失業率5.6%・・・連日テレビや新聞は「不景気」「倒産」「リストラ」と私たち日本人を取り巻く今日の「働く」環境の悪化を叫び続けている。現実の目の前にある大きな問題として政治や行政がこの問題の解決に当たる努力をすべきことは言うまでもない。
しかしながら、私たち21世紀世代が抱える問題は更に深刻であるような気がしてならない。21.3%・・・これは大学を卒業しても職に就かない新卒無業の人の数である(文部科学省「学校基本調査」)。10年前の同じ統計値が5.2%であることから考えると近年、若年層の「働く」ことをめぐる問題と不安は爆発的に大きくなっているといえる。また、失業率も、若年層(15〜24歳)において、4.3%(平成2年)から12.1%(平成14年3月)に急増しており、しかもその4割が長期失業者である
就職氷河期という時代を長年経過し、更に「フリーター」ということばが社会における身分として定着している今日の状況から末来を展望すれば、10年20年後のわが国のかたちはまさに大きな不安の中にある。

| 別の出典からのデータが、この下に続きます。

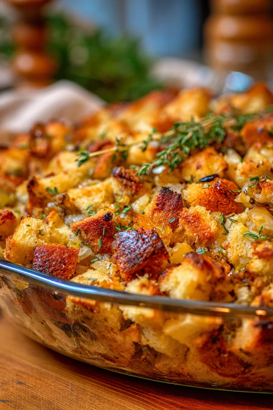 Refrigeration: Store leftover stuffing in airtight containers for up to 4 days. Reheat individual portions in the microwave with a splash of broth to restore moisture.
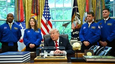 El presidente estadounidense, Donald Trump, recibió este miércoles en la Casa Blanca a los astronautas de Artemis II de la NASA, a los que felicitó por el éxito de la primera misión que alcanzó la órbita de la Luna en más de medio siglo y los humanos que han viajado más lejos de la Tierra.
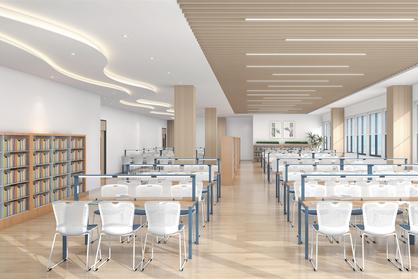 Shelving, study desks, and reading-area seating optimized for quiet and organized learning zones.

「25歳のフリーターが10年たって35歳になったら失業者、そうなってからでは遅い!」とは、私自身が選挙期間を通じて有権者の皆さんとともに今考えて行きたい問題として投げかけてきたところである。
10%にも及ぶ若年層失業の問題や雇用のミスマッチから生じる離職率の問題、それと連動する社会保障・年金などをめぐる問題、将来の税収の問題、雇用の安定や知識経験の蓄積不足、更にはわが国や地域を支える人材不足などこの「働く」ということをキーワードとした諸問題は、つまるところ社会全体のあり方を問う、21世紀世代と社会との関係を考える上で欠くことのできない視点であると考えている。
「働く」ことはすなわちそのまま「生きること」と直結する。労働をめぐる状況の変化は私たちの生活そのものに変化をもたらし、さらには社会のあり方を今一度考え直すことを求めている。

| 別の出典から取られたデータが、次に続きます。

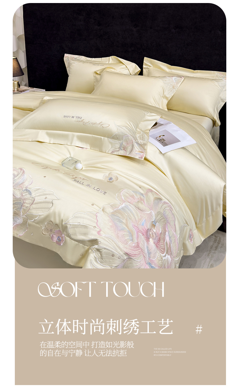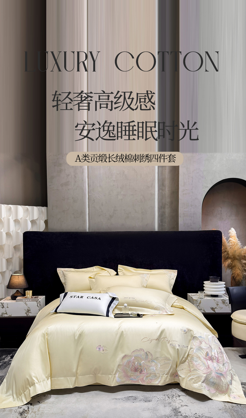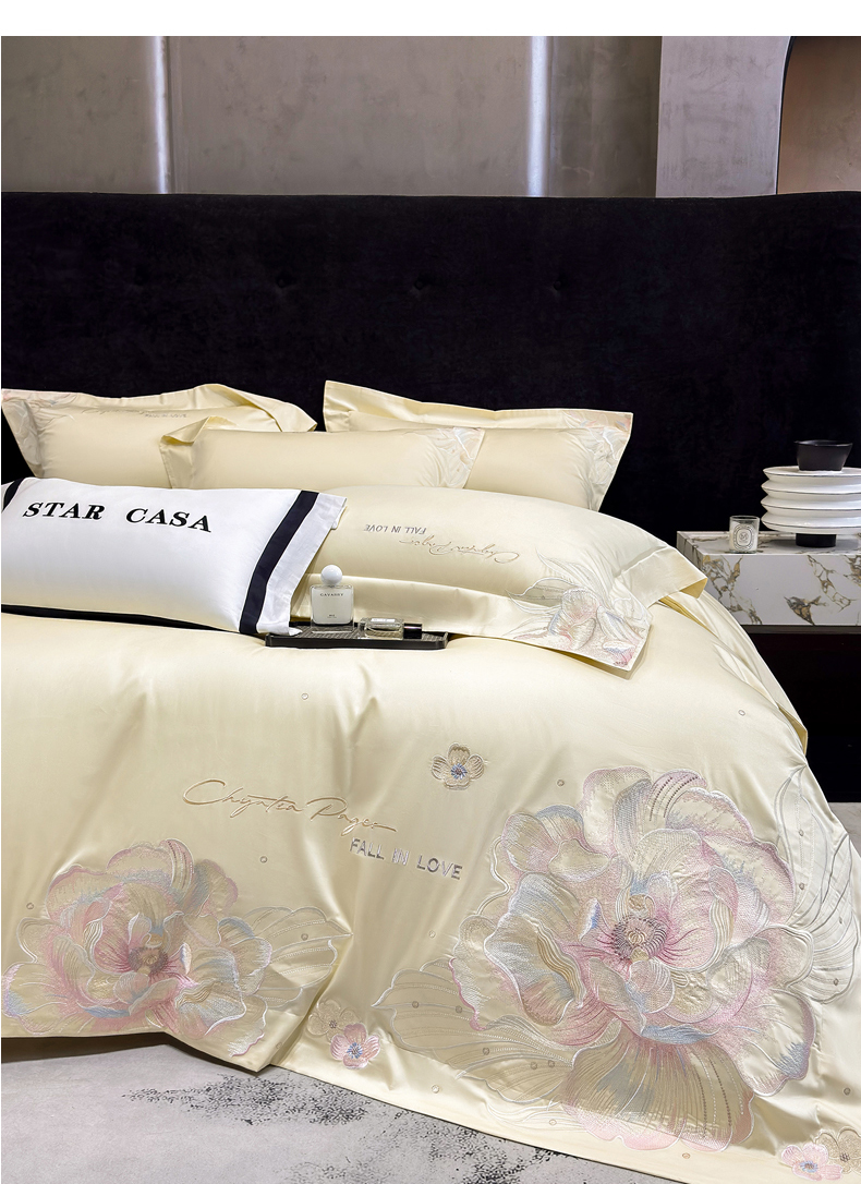 (总)星蕴家纺 2026新款A类新疆全棉刺绣四件套-千禧,千禧粉,高级灰,浅香槟,奶昔白

一方、21世紀は地方の時代といわれる。「地方の時代」とはいったい何かと考えたとき、多分それは「地域の底力」が試されている時代−−−では、「地域の底力」とはといえば、それはやはりその地域にいる「人」の力ではなかろうかと思う。
そのような時代を迎えるにあたって、わが茨城県・水戸を考えてみた時に「人材の流出」は大きな問題であると考える。高校を卒業したのち、故郷を離れる若い世代は少なくなく、そのまま東京や大阪といった大都市で就職、地元には親を残し、かえってこないという現実がある。
決してそのような生き方自体を私は否定をするものではないが、ただやはりこの地方の時代を生き抜いていく「茨城・水戸」を作りたいという視点に立てば、この現状をなんとか食い止め、この地域に次の世代をどう残していくかという議論を避けては通れない。もちろん、その手立てとしてはまちづくりのあり方や市民共同参画など様々な要素が挙げられるが、今回はその要素の一つとして考えられる「職」をテーマとした視点から考えてみたく思う。地方都市へのUターン・Iターン就職をはじめとする「働く」ための基盤整備なしにこの地方分権の時代は語れないのではなかろうか。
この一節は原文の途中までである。